Rosemeis commented 1 year ago

Hi Homère,

The SNP weights (loadings) are stored in the "11apr23RNLOUe10_scaffold8_InvReg_pcangsd.weights.npy" file. :-) It is in binary NumPy format, so you can open the file in Python or R:

import numpy as np
W = np.load("11apr23RNLOUe10_scaffold8_InvReg_pcangsd.weights.npy")
library(RcppCNPy)
W <- npyLoad("11apr23RNLOUe10_scaffold8_InvReg_pcangsd.weights.npy")

Best, Jonas

HomereAMK commented 1 year ago

Hi Jonas,

Thanks for your speedy answer, much appreciated! I have a follow-up question regarding the SNP order in the output files. Specifically, I'm wondering if the order of SNPs in the Beagle file is preserved in the output of the pcangsd job.
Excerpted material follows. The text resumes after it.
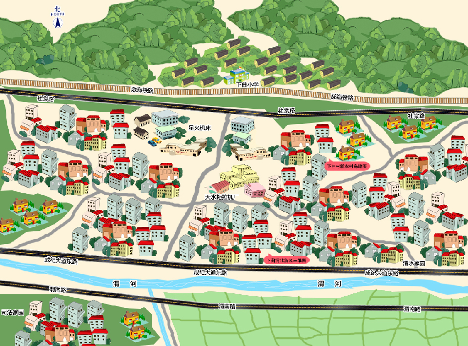 一張設(shè)計精美的卡通電子地圖,呈現(xiàn)給觀眾的不僅是一張簡單的方位圖片,帶給你驚喜的是這張立體卡通地圖中有序地將秀美村莊縮略在其中,鄉(xiāng)村道路指向,鄉(xiāng)村建設(shè)布局,更有趣的是,鄉(xiāng)村中主要景觀和農(nóng)家樂等將在這張卡通地圖中以720VR三維動態(tài)全景圖的新媒形態(tài)出現(xiàn)。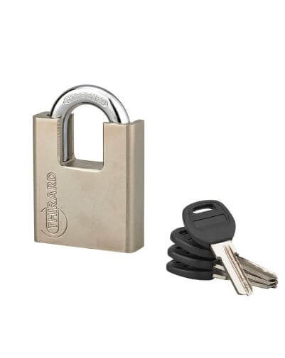 Het QUADRA bouwplaats hangslot is ontworpen voor gebruik in de bouwsector om deuren en poorten, machines en apparatuur, bijgebouwen en containers, etc. effectief te beveiligen. De behuizing van dit veiligheidshangslot is gemaakt van vernikkeld staal, wat een zeer hoge schokbestendigheid geeft, en de hogere “schouders” bieden bescherming tegen knallen van de poort. De dubbele kogelsluiting en het messing rotormechanisme zorgen voor een hoge mate van inbraakwerendheid. Dit hangslot van ThIRARD wordt geleverd met vier voorgevormde omkeersleutels voor eenvoudige bediening.

Additionally, is the SNP order maintained in the initial ANGSD job where I used the -sites flag with a list of SNPs like the following:

head $OUTPUTFOLDER/scaffold8/scaffold8_InvReg_awk.txt
scaffold8 32001789 T C
scaffold8 32001826 C T
scaffold8 32001877 C A
scaffold8 32001892 C T
scaffold8 32001902 T C
scaffold8 32001906 T C
scaffold8 32001912 C T
scaffold8 32001942 A C
scaffold8 32001953 A G
scaffold8 32002065 A G

I ask because when I plot the 1apr23RNLOUe10_scaffold8_InvReg_pcangsd.weights.npy file (SNPs against their loading values for PC1), I observe an unusual distribution where the most contributing SNPs are clustered at the beginning of the region of interest, assuming that the order of SNPs is maintained throughout ANGSD and pcangsd jobs... image

#the r code used 
Reg08_PCloading <- read_tsv("~/Desktop/Data/11apr23RNLOUe10_scaffold8_InvReg_pcangsd_snploadings.tsv")
ggplot(Reg08_PCloading, aes(x = 1:nrow(Reg08_PCloading), y = V1)) +
  geom_point() +
  scale_x_continuous(breaks = seq(0, nrow(Reg08_PCloading), by = 5000)) +
  ggtitle("Manhattan plot PC1 loadings")

Best, Homère

Rosemeis commented 1 year ago

Hmm, yes that does look a bit funky. The order of SNPs will be the same as in the Beagle file. If there has been some filtering (MAF etc.), then some sites have been removed but the overall ordering is not changed.